On the other hand, the doctrine of estoppel in relation to the plea of double jeopardy was first
enunciated in Acierto which held that when the trial court dismisses a case on a disclaimer of
jurisdiction, upon the instigation of the accused, the latter is estopped on appeal from asserting the
jurisdiction of the lower court in support of his plea of second jeopardy. The doctrine of estoppel is in
quintessence the same as the doctrine of waiver: the thrust of both is that a dismissal, other than on the
merits, sought by the accused in a motion to dismiss, is deemed to be with his express consent and bars
him from subsequently interposing the defense of double jeopardy on appeal or in a new prosecution
for the same offense. The Acierto ruling was reiterated in People vs. Amada Reyes, et al., (96 Phil 927, 30
April 1955); People vs. Reyes, et al., (98 Phil 646, 23 March 1956); People vs. Casiano (GR L-15309, 16
February 1961), and People vs. Archilla (GR L-15632, 28 February 1961). The case of Bangalao, Ferrer,
and Labatete, did not actually abandon the doctrine of waiver in Salico (and not one of the said cases
even implied the slightest departure from the doctrine of estoppel established in Acierto).
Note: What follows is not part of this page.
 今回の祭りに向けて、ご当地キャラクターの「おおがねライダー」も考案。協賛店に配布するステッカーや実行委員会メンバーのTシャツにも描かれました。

In Diaz,
Abao, Tacneng and Robles, like in Cloribel, the dismissals therein, all sought by the defendants, were
considered acquittals because they were all predicated on the right of a defendant to a speedy trial and
on the failure of the Government to prosecute. Therefore, even if such dismissals were induced by the
accused, the doctrines of waiver and estoppel were obviously inapplicable for these doctrines
presuppose a dismissal not amounting to an acquittal. Here, the controverted dismissal was predicated
on the erroneous contention of the accused that the complaint was defective and such infirmity affected
the jurisdiction of the trial court, and not on the right of the accused to a speedy trial and the failure of
the Government to prosecute. The appealed order of dismissal in the present case did not terminate the
action on the merits. The application of the sister doctrines of waiver and estoppel requires two sine qua
non conditions: first, the dismissal must be sought or induced by the defendant personally or through his
counsel; and second, such dismissal must not be on the merits and must not necessarily amount to an
acquittal. Indubitably, the present case falls squarely within the periphery of the said doctrines which
have been preserved unimpaired in the corpus of our jurisprudence. The case was remanded to the
court of origin for further proceedings in accordance with law.